Chutkan HERSELF described Smith's proposed brief explaining why DOJ believes the new indictment is not covered by presidential immunity as "irregular" and outside the "ordinary course" of court procedure.
She again says the election is of no concern to her--which is bullshit
It is this type of glibness and quite frankly, laziness, that got Chutkan smacked down by SCOTUS. Chief Justice John Roberts repeatedly criticized Chutkan for her lack of fact finding and due diligence before hastily issuing her Dec 2023 denying all forms of presidential immunity for Trump in the J6 case.
Chutkan now is saying--ok SCOTUS you want a "careful" assessment of immunity in existing indictment? Fine--I will let Jack Smith do it first.
As I have reported, DC US Attorney Matt Graves is using a new charge in the J6 prosecution to work around SCOTUS decision in Fischer, which overturned how DOJ applied 1512(c)(2).
Yesterday, Graves filed a superseding indictment against a California woman on 18 USC 372, "conspiracy to impede officers."
To my knowledge, this charge has not been brought in the nearly 4-year criminal prosecution of J6ers. (If it has, it applied only to a handful.)
Graves is now referring to elected members of Congress as "officers."
It's hard to overemphasize how cynical, defiant, and deceptive this is.
Graves indicted Christina Kelso on 1512(c)(2) on 5/15/24--ONE MONTH AFTER SCOTUS ORAL ARGUMENTS IN FISCHER.
Everyone knew SCOTUS would reverse DOJ but Graves didn't care. In a solid stick in the eye to the court, Graves continued to bring the obstruction felony.
So now Graves is (1) dismissing the count but asking for same prison sentence in existing cases or (2) filing superseding indictment to drop 1512c2 but add another felony in its place.
To put this in perspective--Graves brought the 372 charge in high profile cases such as Proud Boys and Oath Keepers.
He is now using it against a 46-year-old woman who never went inside the building, is not accused of assaulting police, or destroying property.
Getting up to speed on this batshit crazy lawsuit @nataliegwinters posted earlier today.
A Michigan "welfare rights" organization, 3 black Michigan voters, and NAACP filed a lawsuit against Donald Trump and RNC in WASHINGTON DC in Nov 2020 claiming Trump/RNC violated the Voting Rights Act and Ku Klux Klan act by attempting to uncover election fraud.
Of course the plaintiffs filed the lawsuit in Trump-hating DC federal court. It was initially given to Judge Emmet Sullivan--he went on senior status so it was transferred to Ana Reyes, a Biden appointee, in Feb 2023.

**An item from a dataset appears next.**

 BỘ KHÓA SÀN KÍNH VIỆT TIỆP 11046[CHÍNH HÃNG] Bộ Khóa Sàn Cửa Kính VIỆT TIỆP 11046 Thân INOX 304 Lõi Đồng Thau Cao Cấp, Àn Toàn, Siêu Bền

Then MAGICALLY--at the same time she was handling Jack Smith's J6 indictment and addressing unprecedented questions of presidential immunity from criminal prosecution--the case was reassigned to Judge Tanya Chutkan.
The courts claimed Reyes had a "conflict" but it took Reyes 8 months to mention it?
Sounds legit
Sullivan refused to toss the case out of DC.

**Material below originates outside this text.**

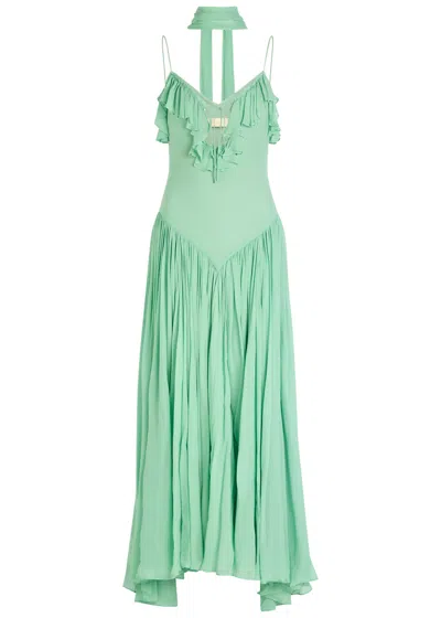 Hemera Ruffled Silk Scarf Maxi Dress In Green

The lawsuit is rife with allegations that are now covered by presidential immunity per SCOTUS. But that isn't stopping the defendants or Judge Chutkan from advancing the case.
When the issue of presidential immunity was raised during a Nov 2023 hearing on the lawsuit, Chutkan said the immunity matter would be "at least resolved in the lower courts shortly."

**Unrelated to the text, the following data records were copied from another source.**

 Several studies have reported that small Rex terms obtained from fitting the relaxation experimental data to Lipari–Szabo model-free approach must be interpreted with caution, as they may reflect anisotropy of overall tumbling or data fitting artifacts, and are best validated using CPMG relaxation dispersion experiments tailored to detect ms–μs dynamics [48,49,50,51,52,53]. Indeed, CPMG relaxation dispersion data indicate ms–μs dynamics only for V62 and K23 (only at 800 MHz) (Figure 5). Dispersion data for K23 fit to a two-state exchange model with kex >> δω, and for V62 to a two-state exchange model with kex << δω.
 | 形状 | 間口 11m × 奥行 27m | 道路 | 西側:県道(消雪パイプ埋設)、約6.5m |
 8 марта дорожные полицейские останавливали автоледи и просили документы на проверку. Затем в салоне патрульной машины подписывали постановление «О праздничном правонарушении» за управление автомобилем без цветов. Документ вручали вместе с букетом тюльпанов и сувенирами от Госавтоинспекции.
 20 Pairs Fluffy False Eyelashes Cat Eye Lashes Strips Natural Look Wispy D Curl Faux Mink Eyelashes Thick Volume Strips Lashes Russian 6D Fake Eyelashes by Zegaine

She issued her order denying immunity one week later.
Of course she was overturned by SCOTUS on July 1; Chief Justice Roberts criticized Chutkan for her hasty handling of the unprecedented issue.
She knew at this point she planned to deny Trump's immunity claims from criminal prosecution thereby greenlighting (at least temporarily) the civil suit.
So after SCOTUS opinion on immunity, the Michigan plaintiffs came back to court asking Chutkan to allow them to file a THIRD amended complaint.
They essentially want Chutkan to approve any efforts by Trump campaign and/or RNC to LAWFULLY investigate voting fraud.
Chutkan has not ruled on a Jan 2023 motion by Trump to dismiss the case.